*** Opening of DATA RECORDS ***

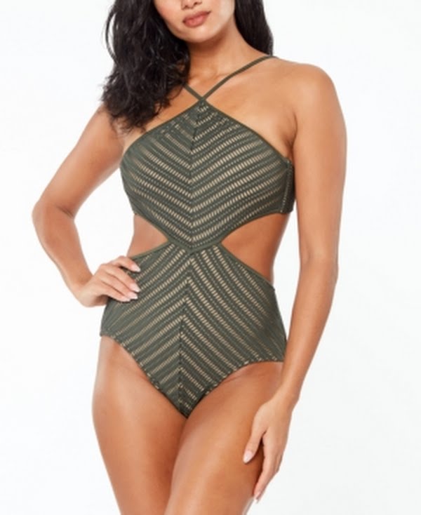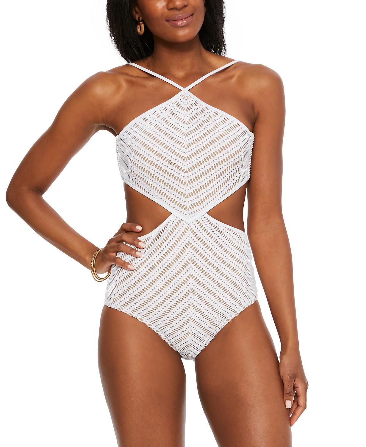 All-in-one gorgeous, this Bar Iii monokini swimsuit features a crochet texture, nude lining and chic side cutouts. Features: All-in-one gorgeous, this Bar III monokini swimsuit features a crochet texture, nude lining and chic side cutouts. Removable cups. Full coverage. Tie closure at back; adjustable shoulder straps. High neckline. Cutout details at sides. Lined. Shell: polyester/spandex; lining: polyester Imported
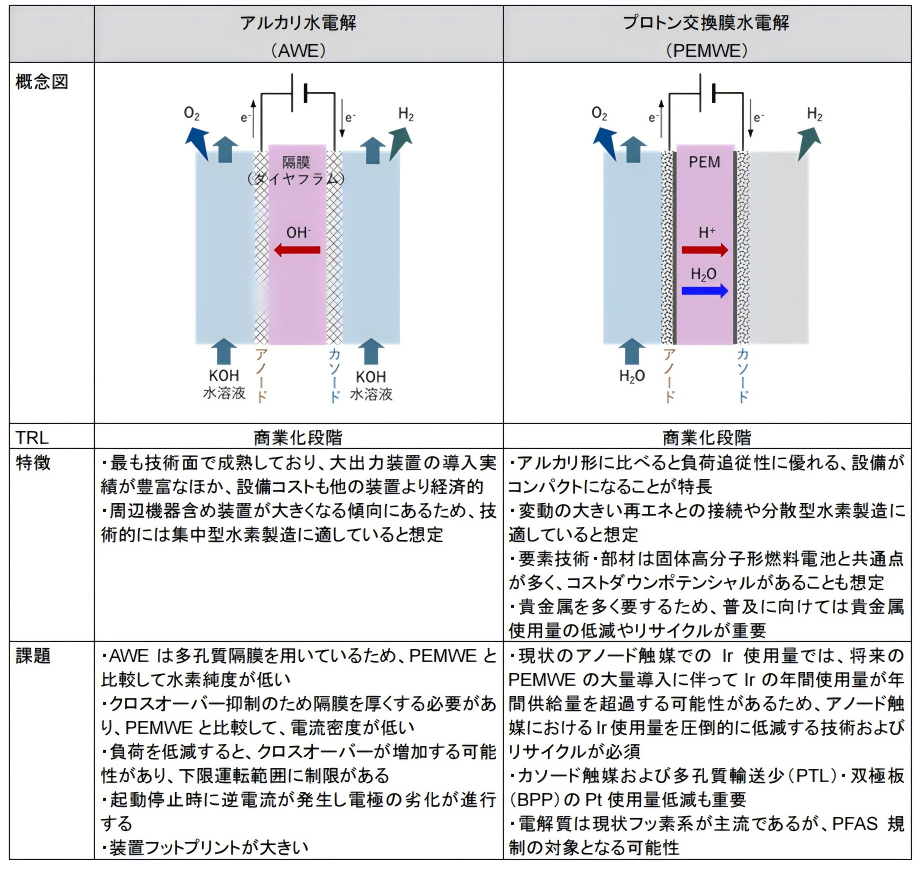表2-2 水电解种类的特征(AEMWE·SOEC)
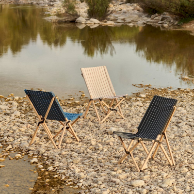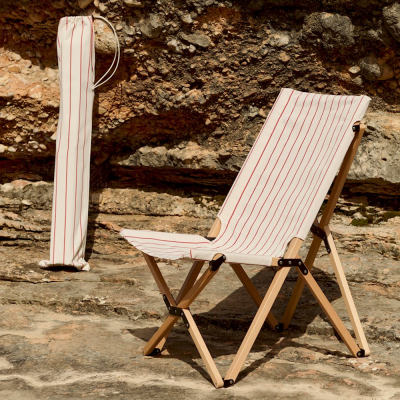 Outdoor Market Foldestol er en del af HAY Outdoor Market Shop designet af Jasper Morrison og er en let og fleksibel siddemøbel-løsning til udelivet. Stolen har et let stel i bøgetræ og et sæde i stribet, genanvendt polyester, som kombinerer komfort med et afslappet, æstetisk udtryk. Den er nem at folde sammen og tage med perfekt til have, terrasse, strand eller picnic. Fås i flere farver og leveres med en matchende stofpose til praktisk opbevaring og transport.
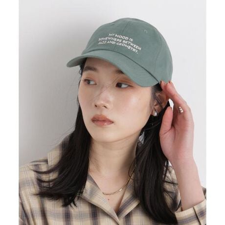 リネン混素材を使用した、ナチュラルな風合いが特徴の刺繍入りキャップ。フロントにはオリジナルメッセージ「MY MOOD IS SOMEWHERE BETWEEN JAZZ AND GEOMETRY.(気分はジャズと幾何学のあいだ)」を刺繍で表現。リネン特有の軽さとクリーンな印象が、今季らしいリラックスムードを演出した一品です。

*** Close of DATA RECORDS ***
*** Opening of DATA RECORDS ***

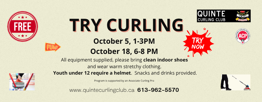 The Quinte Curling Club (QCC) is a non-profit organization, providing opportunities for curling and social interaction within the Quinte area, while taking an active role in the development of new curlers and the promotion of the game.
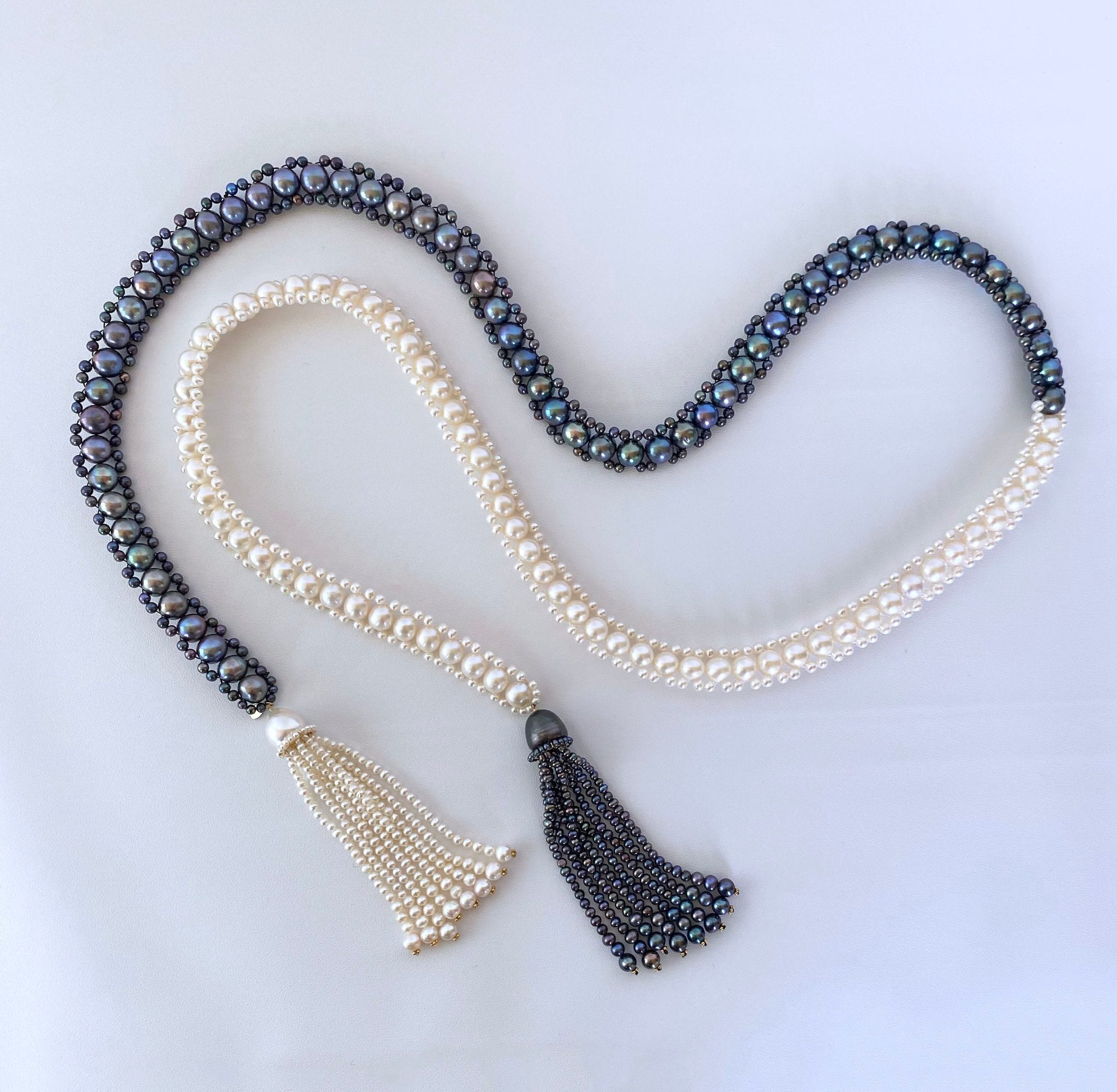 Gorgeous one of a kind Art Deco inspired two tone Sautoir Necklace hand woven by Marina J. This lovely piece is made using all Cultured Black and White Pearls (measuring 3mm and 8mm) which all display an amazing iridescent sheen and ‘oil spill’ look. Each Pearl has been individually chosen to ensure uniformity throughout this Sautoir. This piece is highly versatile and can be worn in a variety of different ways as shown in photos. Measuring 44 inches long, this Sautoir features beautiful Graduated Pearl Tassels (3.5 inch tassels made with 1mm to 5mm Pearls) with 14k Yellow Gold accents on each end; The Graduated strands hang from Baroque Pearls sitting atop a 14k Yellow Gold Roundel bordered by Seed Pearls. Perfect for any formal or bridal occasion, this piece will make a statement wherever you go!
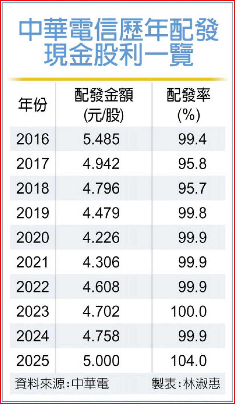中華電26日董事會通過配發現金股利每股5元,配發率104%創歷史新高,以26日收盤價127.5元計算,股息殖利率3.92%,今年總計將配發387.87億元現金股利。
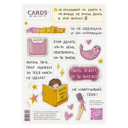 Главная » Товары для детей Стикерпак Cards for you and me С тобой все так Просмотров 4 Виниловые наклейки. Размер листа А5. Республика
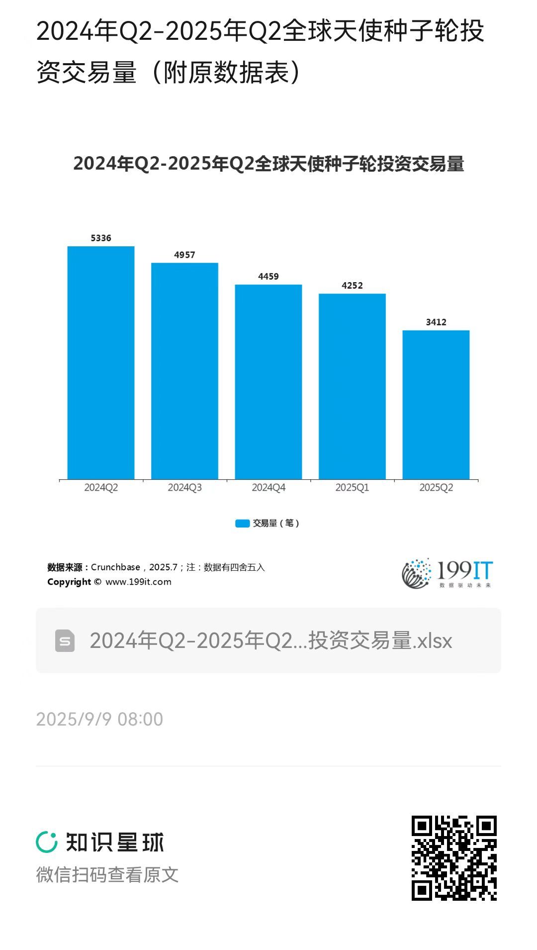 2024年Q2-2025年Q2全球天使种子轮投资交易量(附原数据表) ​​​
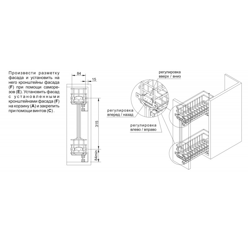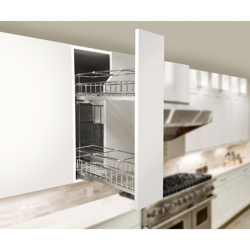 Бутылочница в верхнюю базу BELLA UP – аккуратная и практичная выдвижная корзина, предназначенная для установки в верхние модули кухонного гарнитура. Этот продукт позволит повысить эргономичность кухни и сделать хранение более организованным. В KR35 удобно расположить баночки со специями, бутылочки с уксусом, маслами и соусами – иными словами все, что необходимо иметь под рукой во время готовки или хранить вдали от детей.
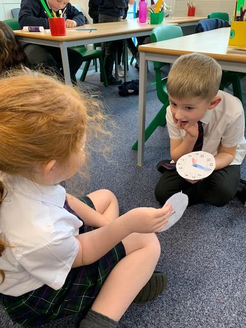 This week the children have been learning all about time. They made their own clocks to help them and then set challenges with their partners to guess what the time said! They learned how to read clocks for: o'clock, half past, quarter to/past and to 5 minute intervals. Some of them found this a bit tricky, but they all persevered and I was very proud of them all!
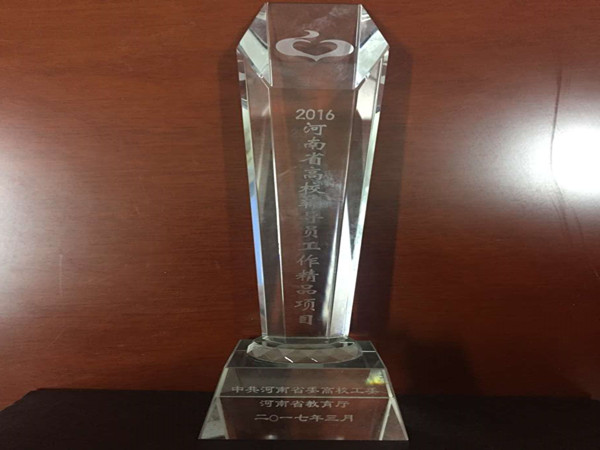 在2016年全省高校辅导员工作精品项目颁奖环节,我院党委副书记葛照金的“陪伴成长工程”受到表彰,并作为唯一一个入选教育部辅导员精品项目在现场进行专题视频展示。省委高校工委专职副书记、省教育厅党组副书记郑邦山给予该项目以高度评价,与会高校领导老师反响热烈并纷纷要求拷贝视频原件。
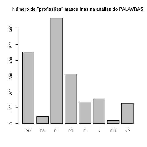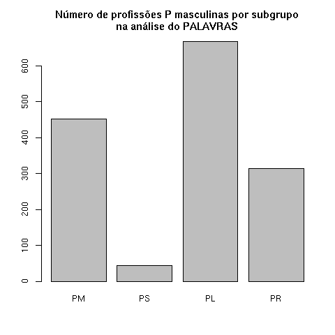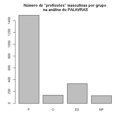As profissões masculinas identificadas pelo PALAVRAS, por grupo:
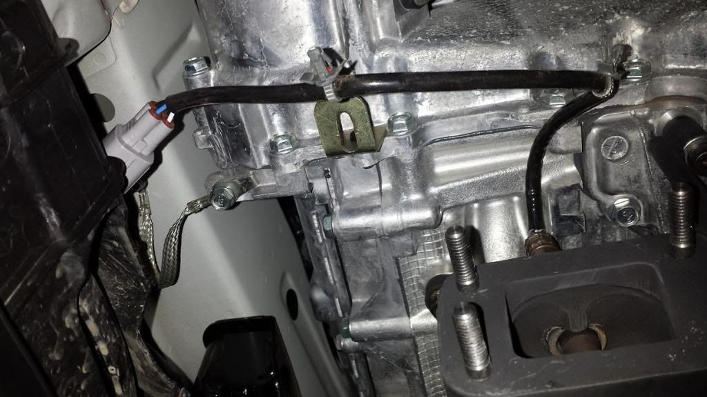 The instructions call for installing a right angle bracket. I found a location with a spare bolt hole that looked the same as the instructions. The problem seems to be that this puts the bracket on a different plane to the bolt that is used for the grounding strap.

*** Close of DATA RECORDS ***
*** Opening of DATA RECORDS ***

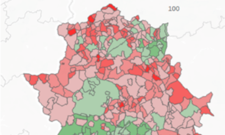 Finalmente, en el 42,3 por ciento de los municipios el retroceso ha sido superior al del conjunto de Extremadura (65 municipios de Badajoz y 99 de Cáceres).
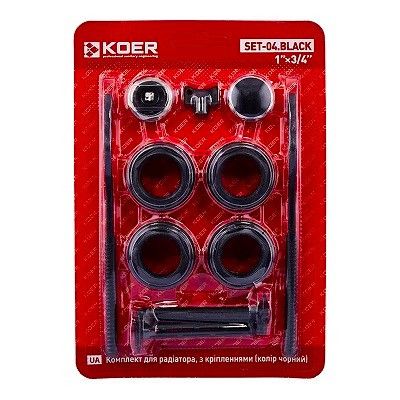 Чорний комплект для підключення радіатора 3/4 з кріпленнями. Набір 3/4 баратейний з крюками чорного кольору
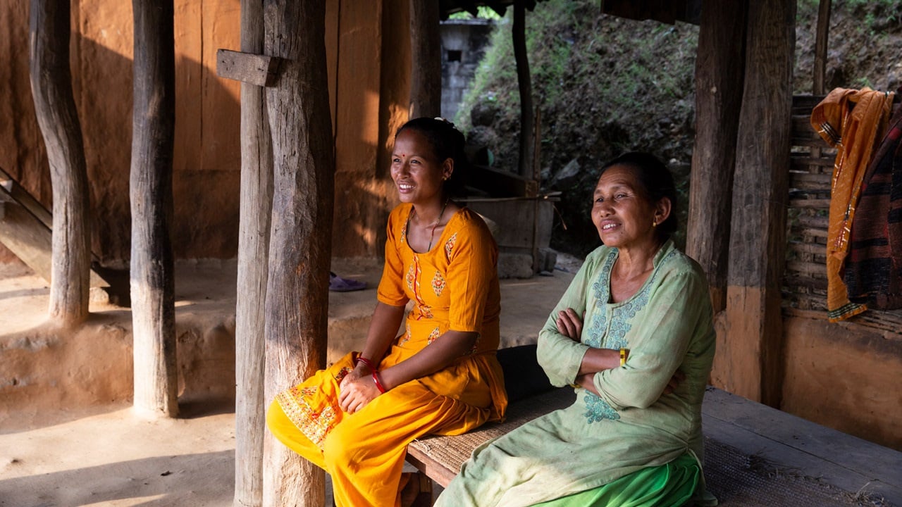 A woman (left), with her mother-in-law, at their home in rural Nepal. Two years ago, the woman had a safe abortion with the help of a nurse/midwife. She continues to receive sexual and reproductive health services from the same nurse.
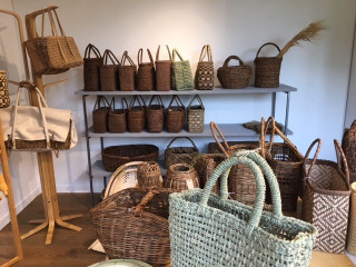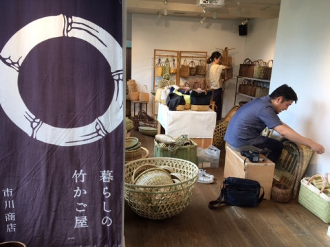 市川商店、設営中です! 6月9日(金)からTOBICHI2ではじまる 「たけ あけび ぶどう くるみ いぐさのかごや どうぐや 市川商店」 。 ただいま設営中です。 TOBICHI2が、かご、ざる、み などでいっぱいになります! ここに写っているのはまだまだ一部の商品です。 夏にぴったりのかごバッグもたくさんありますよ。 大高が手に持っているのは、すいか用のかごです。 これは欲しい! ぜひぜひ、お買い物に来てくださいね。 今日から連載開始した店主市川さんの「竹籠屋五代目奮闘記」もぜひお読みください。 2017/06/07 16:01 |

*** Close of DATA RECORDS ***

→ TASK REQUIREMENTS: In the entries above, find the line containing "lining: polyester Imported" and the line containing "リネン混素材を使用した、ナチュラルな風合いが特徴の刺繍入りキャップ。フロントにはオリジナルメッセージ「MY MOOD IS", then copy both and every line between them exactly, without any picture.

→ EXERCISE RESULT:
 All-in-one gorgeous, this Bar Iii monokini swimsuit features a crochet texture, nude lining and chic side cutouts. Features: All-in-one gorgeous, this Bar III monokini swimsuit features a crochet texture, nude lining and chic side cutouts. Removable cups. Full coverage. Tie closure at back; adjustable shoulder straps. High neckline. Cutout details at sides. Lined. Shell: polyester/spandex; lining: polyester Imported
表2-2 水电解种类的特征(AEMWE·SOEC)
 Outdoor Market Foldestol er en del af HAY Outdoor Market Shop designet af Jasper Morrison og er en let og fleksibel siddemøbel-løsning til udelivet. Stolen har et let stel i bøgetræ og et sæde i stribet, genanvendt polyester, som kombinerer komfort med et afslappet, æstetisk udtryk. Den er nem at folde sammen og tage med perfekt til have, terrasse, strand eller picnic. Fås i flere farver og leveres med en matchende stofpose til praktisk opbevaring og transport.
 リネン混素材を使用した、ナチュラルな風合いが特徴の刺繍入りキャップ。フロントにはオリジナルメッセージ「MY MOOD IS SOMEWHERE BETWEEN JAZZ AND GEOMETRY.(気分はジャズと幾何学のあいだ)」を刺繍で表現。リネン特有の軽さとクリーンな印象が、今季らしいリラックスムードを演出した一品です。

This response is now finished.